You'll have to use a body-safe fragrance oil (FO), since strawberry EO (essential oil) does not exist (beware of those who try to sell you strawberry EO). Thankfully, there are several reputable vendors out there who sell good, body-safe FOs.



> and do you put a FO in there to change the color to red?


 
An FO is a fragrance oil. It will scent your body butter, but it will not change the color of it red (if it does, I'd be worried :shock: ). In order to color your body butter, you will have to use body-safe colorants such as mica's.


IrishLass


----------



## earlene (Apr 10, 2017)

I used an oil-based bug repellent spray that I made 3 summers ago that was super effective.  It worked in the summer of 2015 in California, New Mexico, Texas, Illinois and points in between.  Later it worked just as effectively in various National Parks throughout the continental US as well as in Alaska, and New York.  It kept mosquitoes off me and my teen-aged granddaughter without a single bite and it made my skin feel so soft.  I also really like the fragrance.  One of my grandson's moms liked the smell so much she said she wanted it for perfume as well as for use as a bug spray.  Of course I gave her a bottle and the recipe.  

This is the recipe if you want to try it:

8 ounce batch Insect Repellant Spray

7.2 oz Grapeseed* Oil

18 grams citronella EO
3 grams lavender EO
3 grams peppermint EO

Mix the Essential Oils together, then add to the Grapeseed Oil.  Makes 8 ounces.  Fills 4 small 2-ounce bottles.  

I use small misting bottles I bought at Walmart and the mister never clogged from the oil.

I have even added this to soap to create a gardener's soap for my younger son and he told me it's his favorite soap scent.
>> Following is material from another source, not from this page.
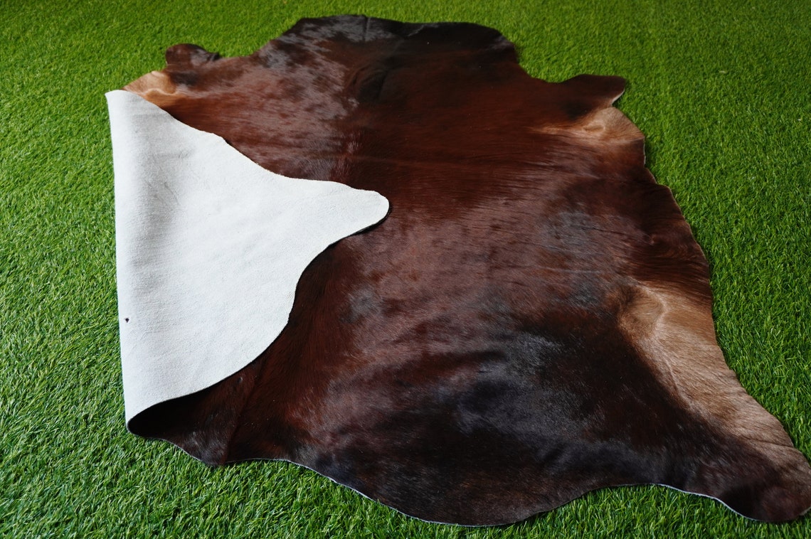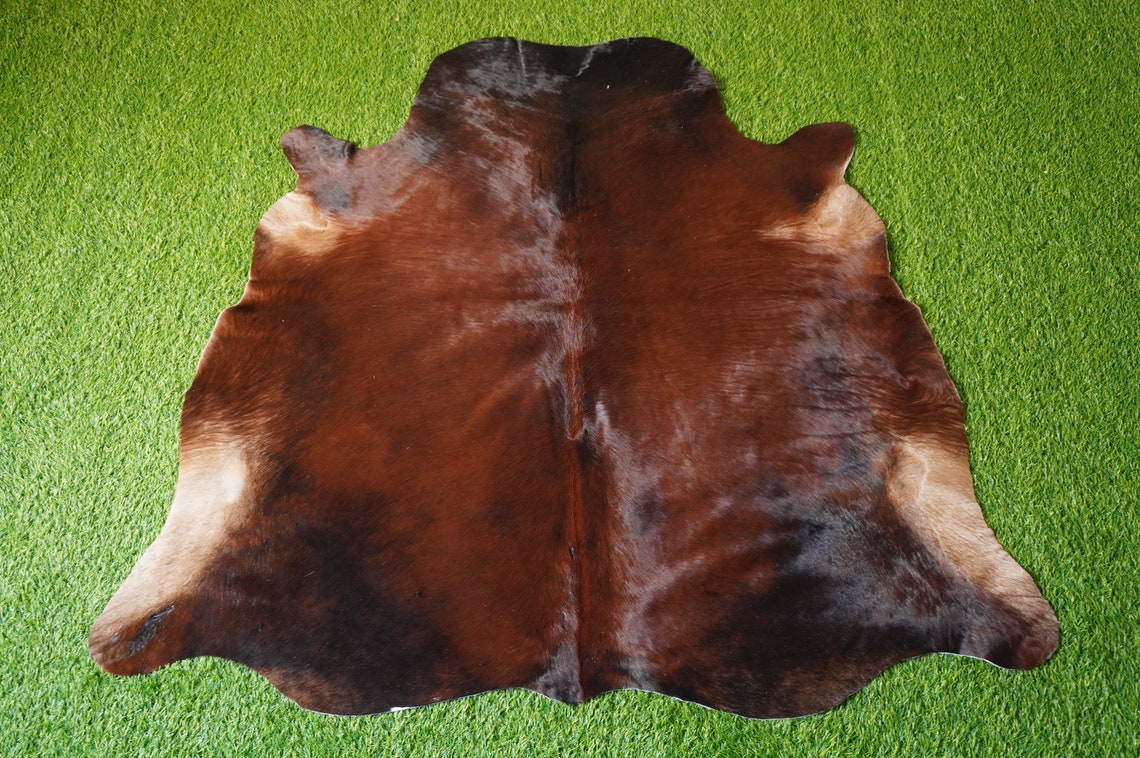 Small ( 4 x 4.3 ft.) EXACT As Photo, Brown Black COWHIDE RUG | 100% Natural Cowhide Area Rug | Hair-on Leather Cow Hide Rug | C523
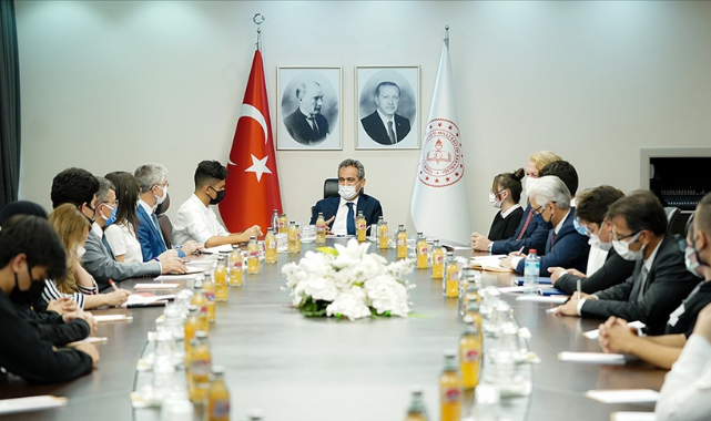 Milli Eğitim Bakanı Mahmut Özer, lise öğrencileriyle bir araya gelerek öneri ve isteklerini dinledi.Milli Eğitim Bakanlığından yapılan açıklamaya göre, Özer, Ankara'nın çeşitli ilçelerinden gelen Anadolu lisesi, fen lisesi, imam hatip lisesi, güzel sanatlar lisesi ile mesleki ve teknik Anadolu lisesi öğrencileriyle Bakanlık'ta görüştü.Özer, şu anda ana odaklarının okulların yüz yüze eğitime devam etmesi olduğunu belirterek, bu süreçte dördüncü haftayı başarılı bir şekilde tamamlamak üzere olduklarını, sürecin planlandığı gibi ilerlediğini bildirdi.Yüz yüze eğitimin yeniden başlaması konusunda hiçbir sıkıntı yaşanmadığını aktaran Özer, salgın şartlarında alınması gereken önlemlere uymanın öneminin altını çizdi.

*  Due to the short shelf life of Grapeseed oil, you might want to try  another oil, but in this batch size the oil never went rancid during  use.

I have since looked several times for the website where I originally found this  recipe so I could credit the author, but cannot find where I found it.  Apparently I did not save the bookmark, or if I did, misfiled it under the wrong category and haven't run across it again.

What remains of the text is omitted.